# THE DATA:
· · · · · · ·

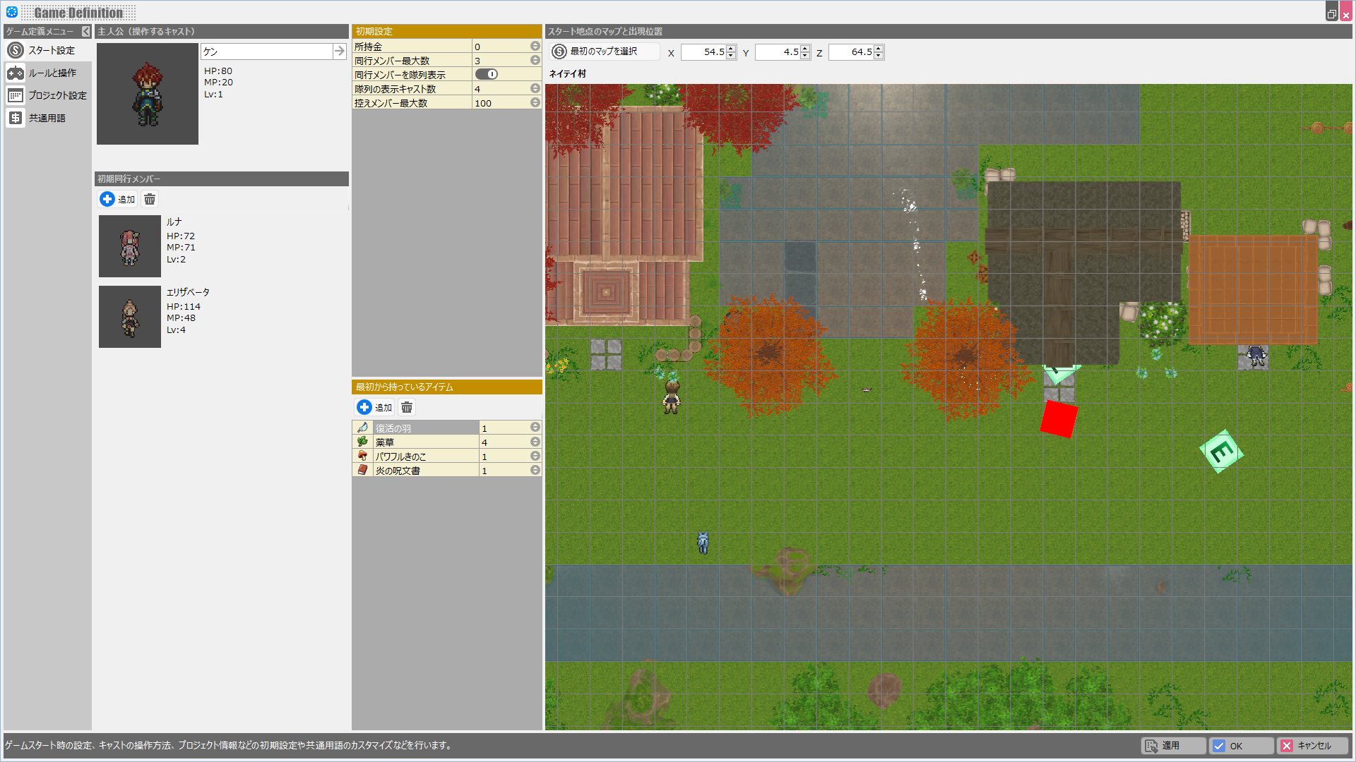 ゲーム開始に操作するキャスト、同行メンバー、所持金、最大同行メンバー数、スタート地点などを設定します。
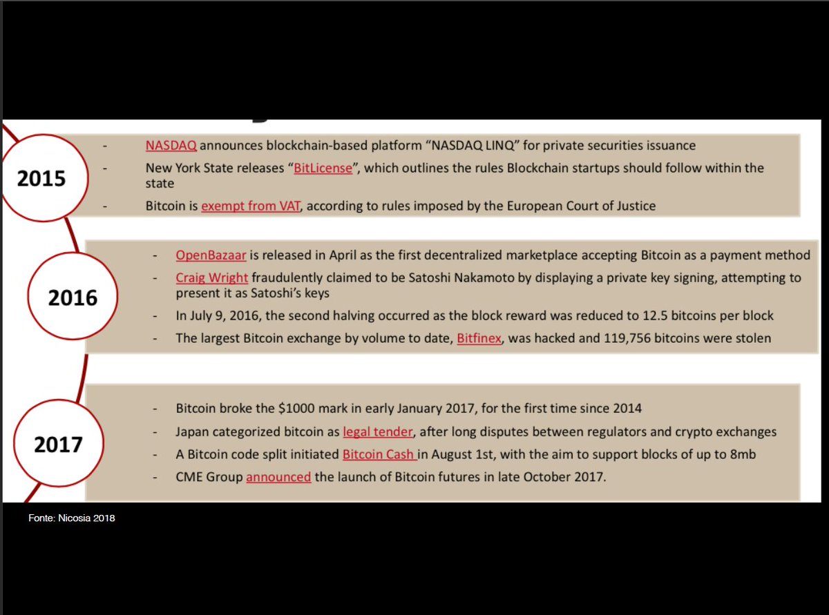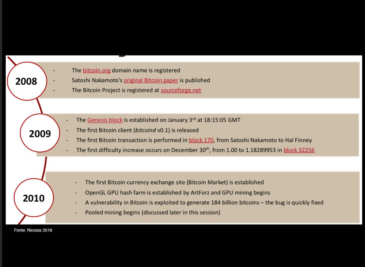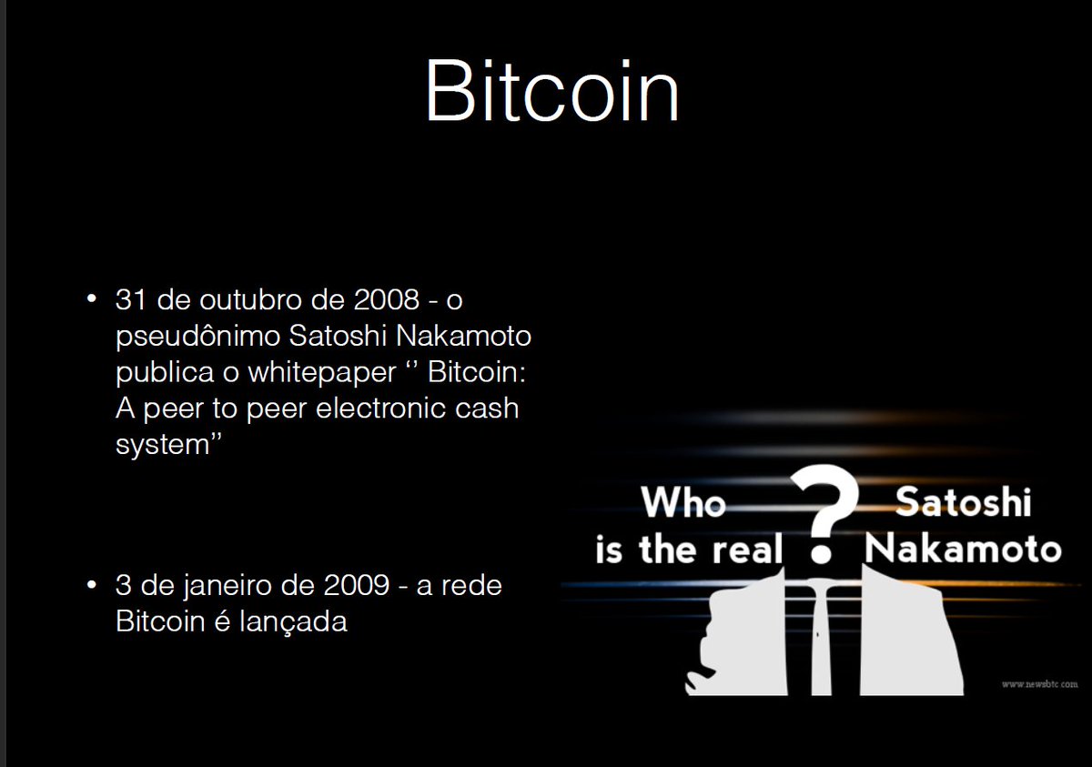 29) Na linha do tempo, 31 de outubro de 2008 temos o surgimento do paper que cria o Bitcoin, e em 3 de janeiro de 2009 temos o lançamento da rede Bitcoin. Importante destacar que até hoje não se sabe quem é Satoshi Nakamoto
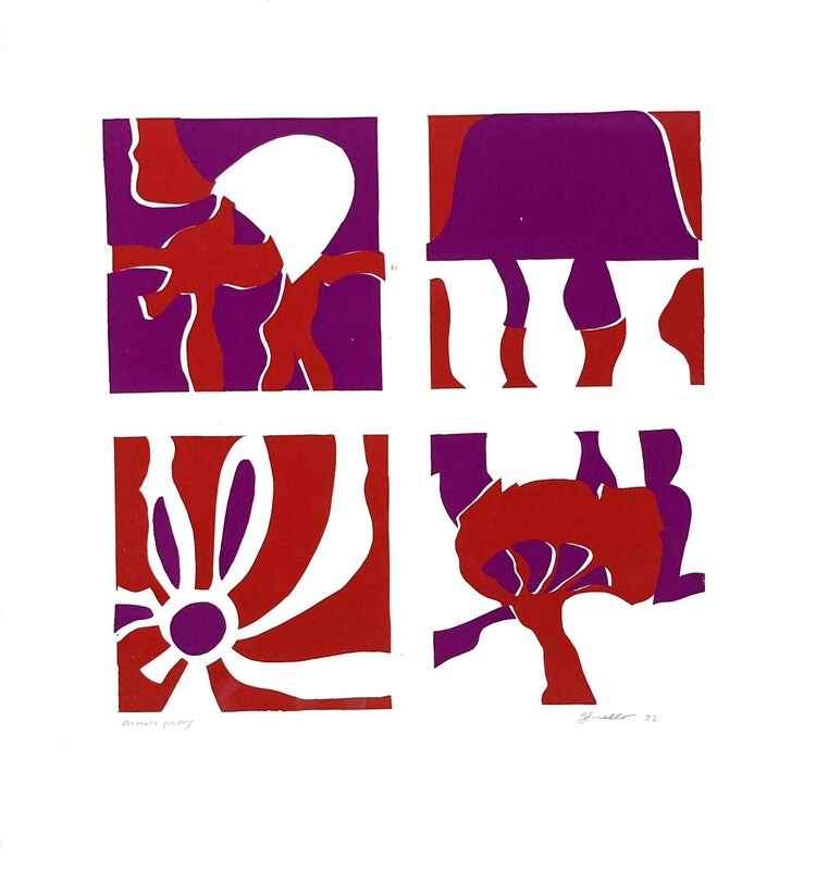 This is a color wood block print of a bouquet of flowers. The print was gifted to Kathrin Cawein.
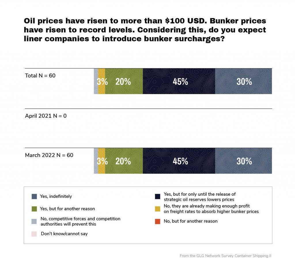When we asked them about bunker surcharges, nearly all our respondents expected them to be introduced, especially in the context of rising oil prices.
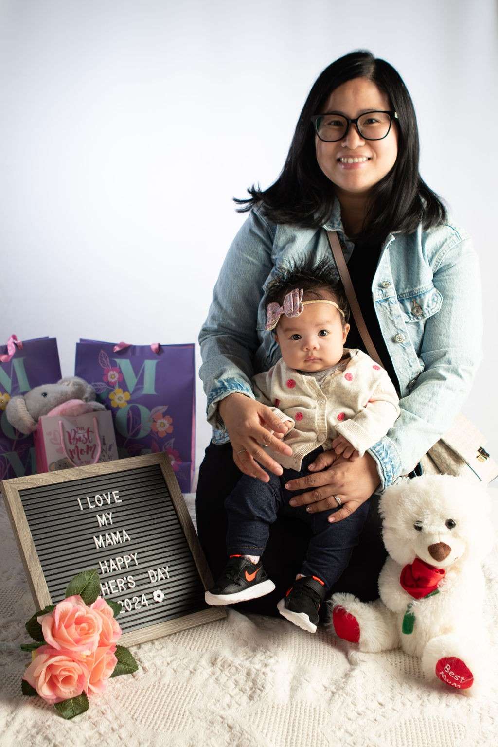 Our Newmarket studio offers a cozy, private, and professional space with themed setups perfect for Mother’s Day. Styled with soft pastels, elegant florals, and flattering lighting, it’s the perfect environment for a comfortable and heartfelt portrait session.
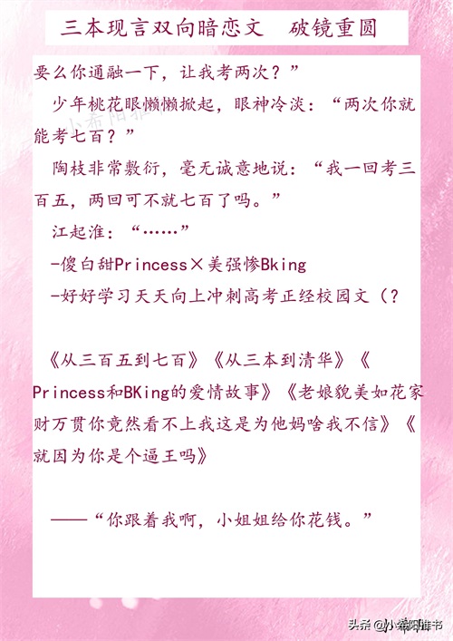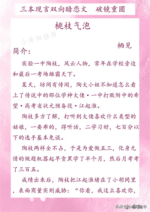 简要概括:这本就是校园文,不良少女从成绩渣渣到后来的逆袭,只是因为一人,那个时刻牵动身心的人,女主拼了命的想走到男主身边,后情节走两人久别重逢的团聚甜甜系列。
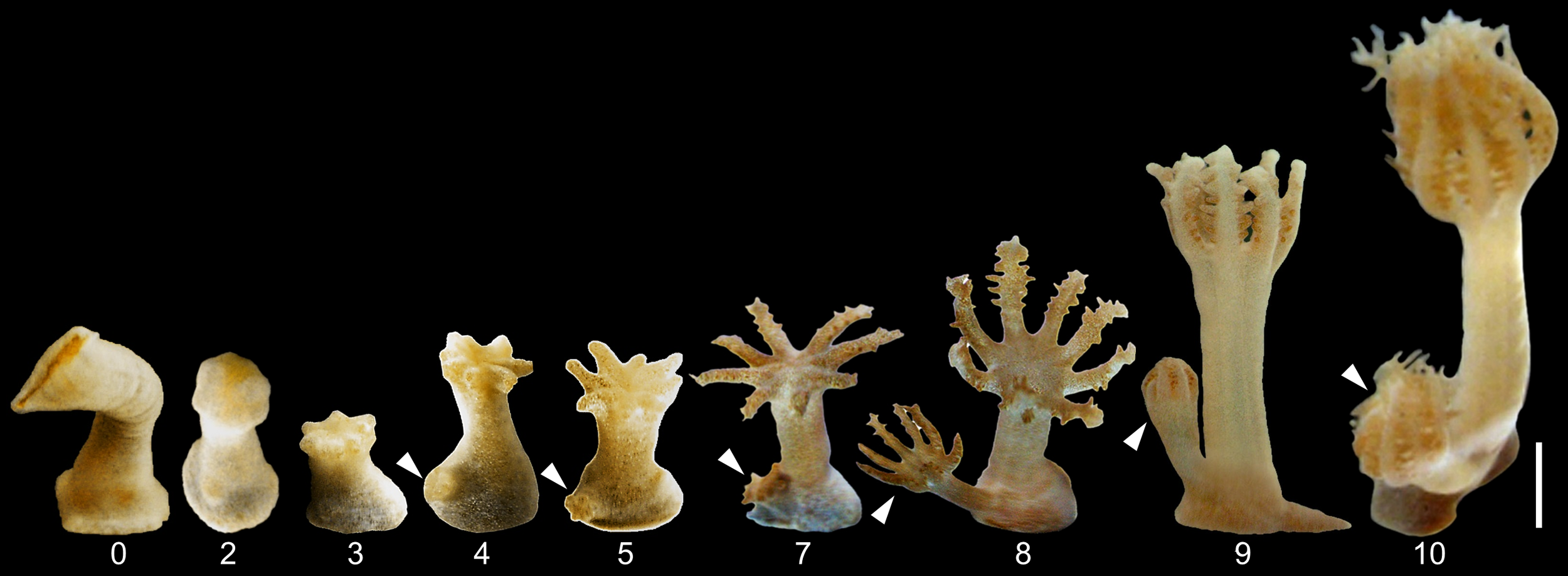 Timeline of oral disc regeneration of amputated polyps of Xenia umbellata from day 0 until regeneration into a fully functional polyp on day 10. Arrowheads indicate developing daughter buds showing similar morphogenesis. Scale bar 1 mm applies to all images.
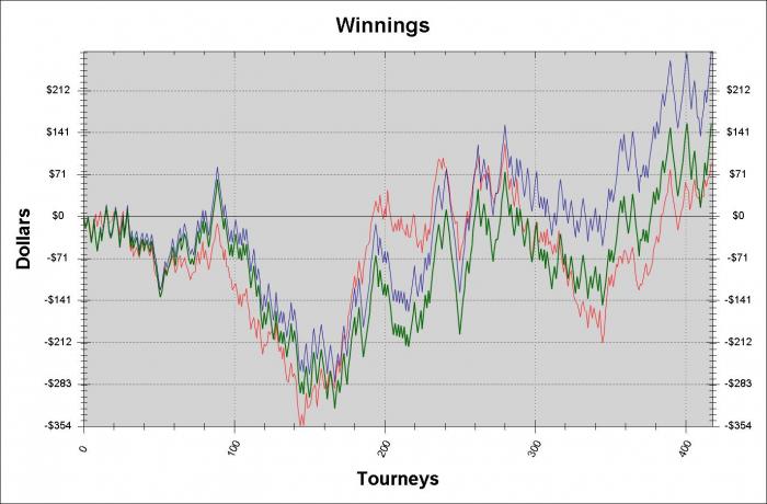 Стараюсь постоянно анализировать, эти 2 месяца играю одинаково (играю 4-5 столов имхо сложно быстро изменить игру при таком количестве), может как раз это и плохо, т.к. после черн.пятницы (когда и началась эта болтанка) амеров-фишей поубавилось, а может "неамеры" играют в другой покер ;) донкают флоп однозначно нааамного больше чем раньше.

· · · · · · ·

# ABOUT THIS EXERCISE:
Both the line above containing "29) Na linha" and the line containing "When we asked" belong in the copy, along with every line between them; print these exactly and omit the pictures.

# YOUR SOLUTION:
 29) Na linha do tempo, 31 de outubro de 2008 temos o surgimento do paper que cria o Bitcoin, e em 3 de janeiro de 2009 temos o lançamento da rede Bitcoin. Importante destacar que até hoje não se sabe quem é Satoshi Nakamoto
 This is a color wood block print of a bouquet of flowers. The print was gifted to Kathrin Cawein.
When we asked them about bunker surcharges, nearly all our respondents expected them to be introduced, especially in the context of rising oil prices.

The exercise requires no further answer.